Update: why it redirects to port from 51081 to 30186?

root@aistore-admin:/# curl -vvv -L "http://<target-public-ip-address>:51081/v1/objects/images/samples-00.tar?provider=ais&etl_name=wd-transform"
*   Trying <target-public-ip-address>:51081...
* Connected to <target-public-ip-address> (<target-public-ip-address>) port 51081 (#0)
> GET /v1/objects/images/samples-00.tar?provider=ais&etl_name=wd-transform HTTP/1.1
> Host: <target-public-ip-address>:51081
> User-Agent: curl/7.81.0
> Accept: */*
> 
* Mark bundle as not supporting multiuse
< HTTP/1.1 307 Temporary Redirect
< Content-Type: text/html; charset=utf-8
< Location: http://10.10.0.6:30186/ais%2F@%23%2Fimages%2Fsamples-00.tar
< Date: Fri, 23 Jun 2023 18:25:59 GMT
< Content-Length: 95
< 
* Ignoring the response-body
* Connection #0 to host <target-public-ip-address> left intact
* Clear auth, redirects to port from 51081 to 30186
* Issue another request to this URL: 'http://10.10.0.6:30186/ais%2F@%23%2Fimages%2Fsamples-00.tar'
*   Trying 10.10.0.6:30186...
* Connected to 10.10.0.6 (10.10.0.6) port 30186 (#1)
> GET /ais%2F@%23%2Fimages%2Fsamples-00.tar HTTP/1.1
> Host: 10.10.0.6:30186
> User-Agent: curl/7.81.0
> Accept: */*
> 
* Empty reply from server
* Closing connection 1
curl: (52) Empty reply from server
aaronnw commented 1 year ago

Thanks for the feedback! I am unable to replicate this locally with minikube, so I suspect it's something to do with your setup. We haven't done any testing on GKE but it would be great to get it working. I don't think there is anything on the AIS side that should be returning a 307 for an object GET. Since we are using hpull comm type here, it will redirect.... I will look at how the port is determined.

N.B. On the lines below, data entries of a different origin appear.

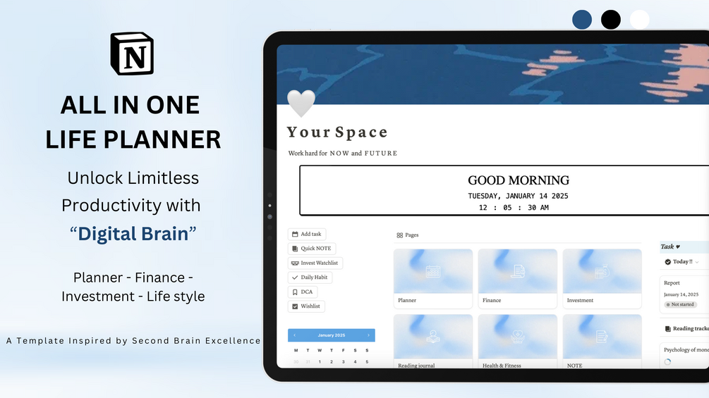 Elevate your productivity and clarity with Digital Brain, the ultimate life management tool designed to bring order to your thoughts, plans, and goals. Inspired by the concept of a second brain, this Notion planner transforms your ideas into actionable results—all in a calming blue-toned interface that sparks focus and creativity.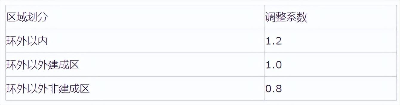 高程调整系数如下:
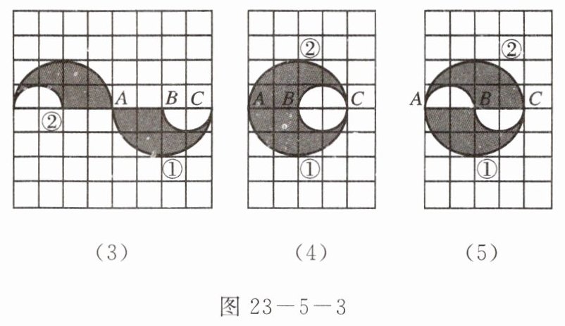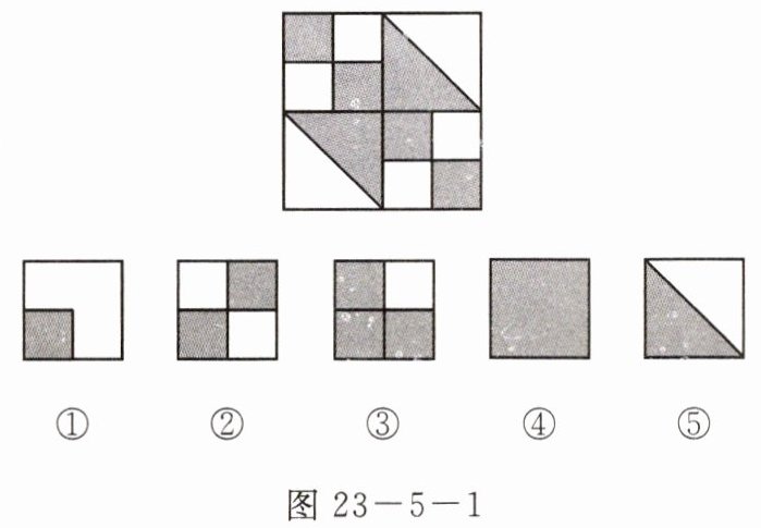 2. 图23-5-1中上面的图案是由下面五种基本图形中的两种拼接而成的,这两种基本图形是(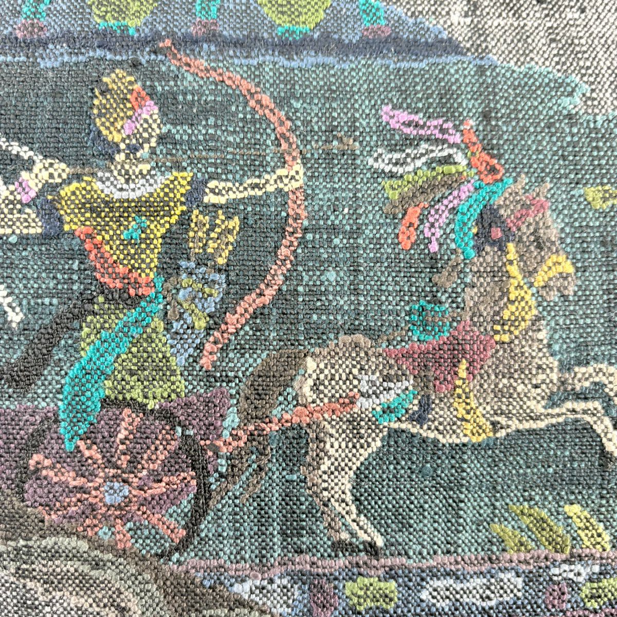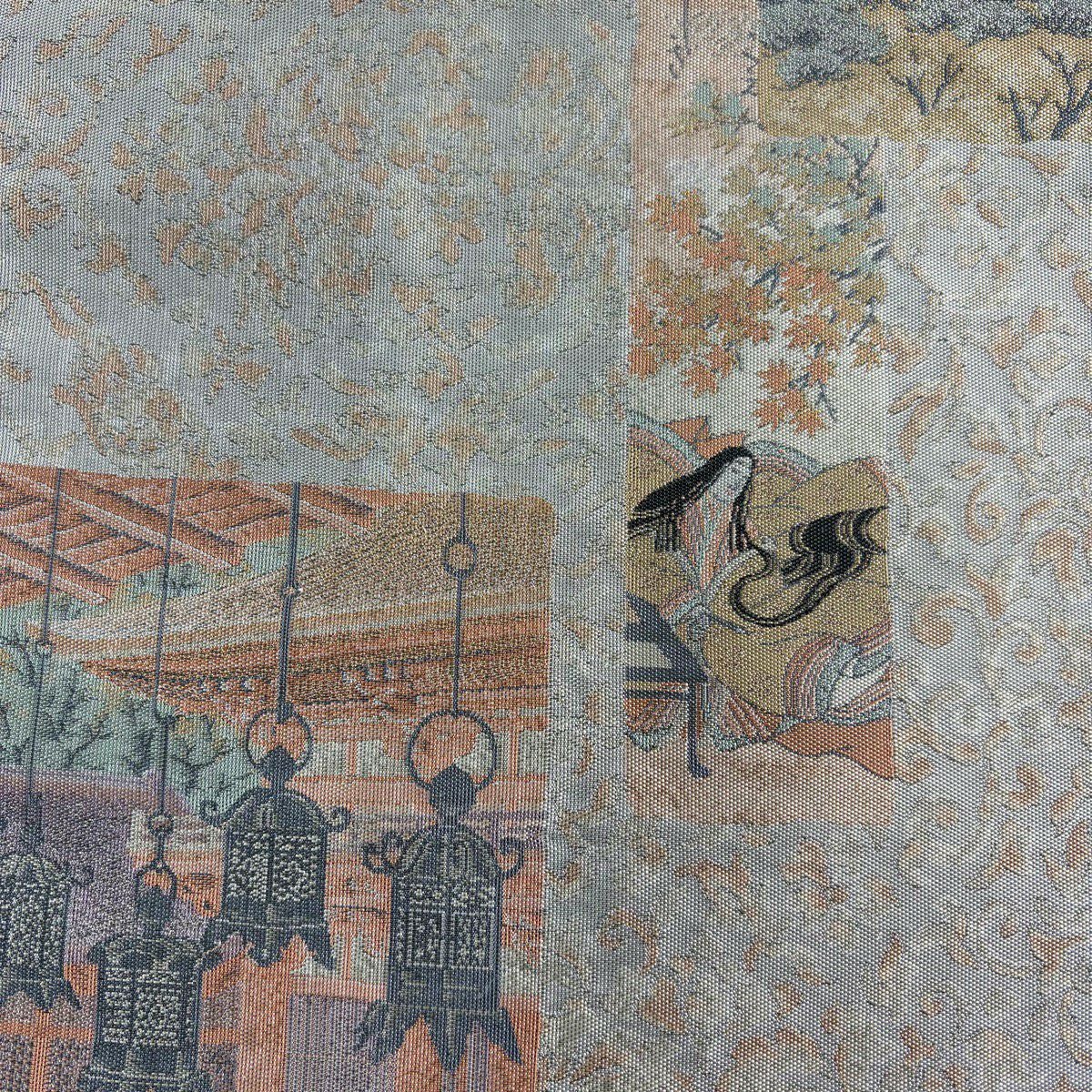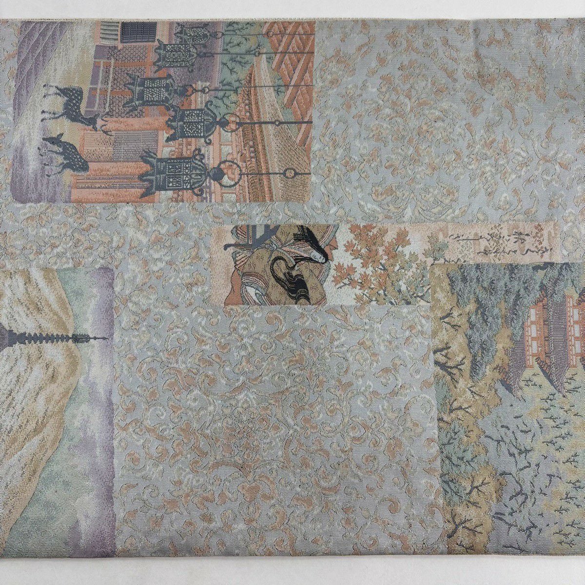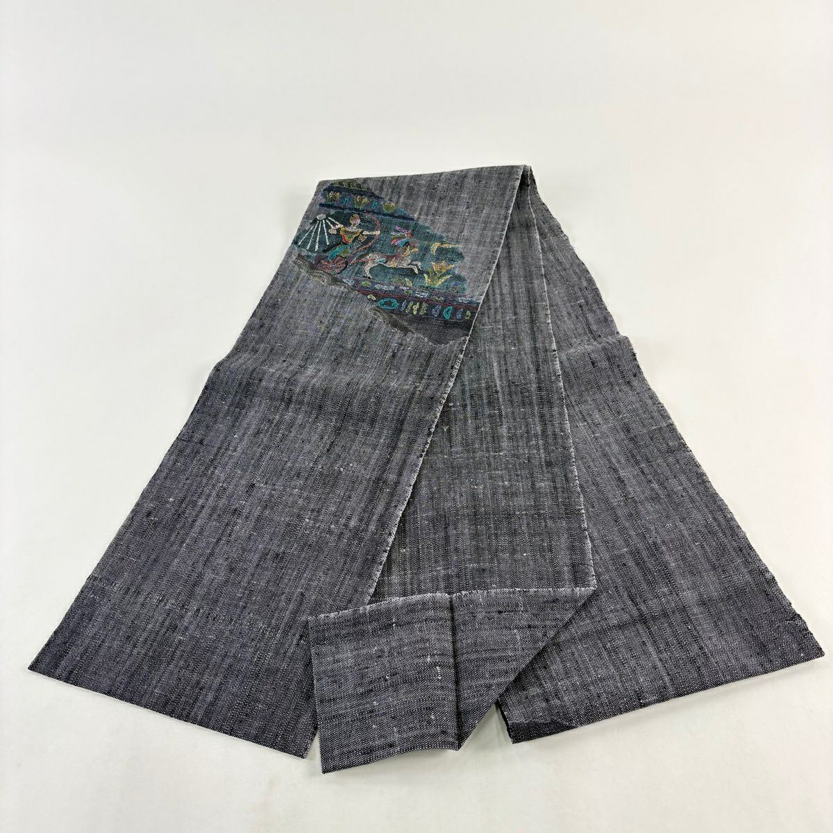 袋帯 秀品 落款あり 萬葉 関西仕立て 風景 人物 青灰色 全通 正絹

aaronnw commented 1 year ago

When the ETL pod is initialized, its port is determined here: https://github.com/NVIDIA/aistore/blob/master/ext/etl/boot.go#L350-L367

Kubernetes will allocate a port for the new pod https://kubernetes.io/docs/concepts/services-networking/service/#type-nodeport so that's where 30186 comes from.

So it looks like that part is working properly as the cluster receives your GET request above. It looks up the etl specified by etl_name and finds the comm_type (hpull here). Then it redirects to the new port (because it's hpull). https://github.com/NVIDIA/aistore/blob/c211ddf7f66a4a62e1823d64d679c6eabaa510f3/ext/etl/communicator.go#L351

That said, not sure why you're seeing an empty reply or a connection refused. Perhaps a problem with AIS_TARGET_URL on the etl. If you could look at the logs on wd-transform pod itself maybe that would help.

yingca1 commented 1 year ago

@aaronnw Thanks a lot for your response! I now know how to troubleshoot the issue and will continue to do so.

Also, I have a question: I noticed that the ETL pod doesn't output Python print logs, only error logs. How can I enable debug logs in the ETL pod?

yingca1 commented 1 year ago

Update:

get new error:

rrViDbDG:
Starting HTTP server on 0.0.0.0:80
object_url: http://<target-public-ip-address>:51081/v1/etl/_object/ROuCnPJNjv/ais%2F@%23%2Fimages%2Fsamples-00.tar
XXX lineno: 60, opcode: 164
----------------------------------------
Exception happened during processing of request from ('10.72.4.1', 6619)
Traceback (most recent call last):
  File "/usr/local/lib/python3.8/socketserver.py", line 683, in process_request_thread
    self.finish_request(request, client_address)
  File "/usr/local/lib/python3.8/socketserver.py", line 360, in finish_request
    self.RequestHandlerClass(request, client_address, self)
  File "/usr/local/lib/python3.8/socketserver.py", line 747, in __init__
    self.handle()
  File "/usr/local/lib/python3.8/http/server.py", line 435, in handle
    self.handle_one_request()
  File "/usr/local/lib/python3.8/http/server.py", line 423, in handle_one_request
    method()
  File "/server.py", line 92, in do_GET
    result = transform(query_path)
  File "<path-to-workspace>/aistore/docs/examples/aisio_webdataset/etl_webdataset.py", line 60, in wd_etl
SystemError: unknown opcode
----------------------------------------
aaronnw commented 1 year ago

We will need to add some better support for debug logs... As for the new error, it looks like it's due to a python version mismatch. We only currently have provided images for Python 3.8, 3.10, and 3.11 for using with the init_code option (defaulting to 3.8). Other versions will require providing a podspec manually and using init_spec.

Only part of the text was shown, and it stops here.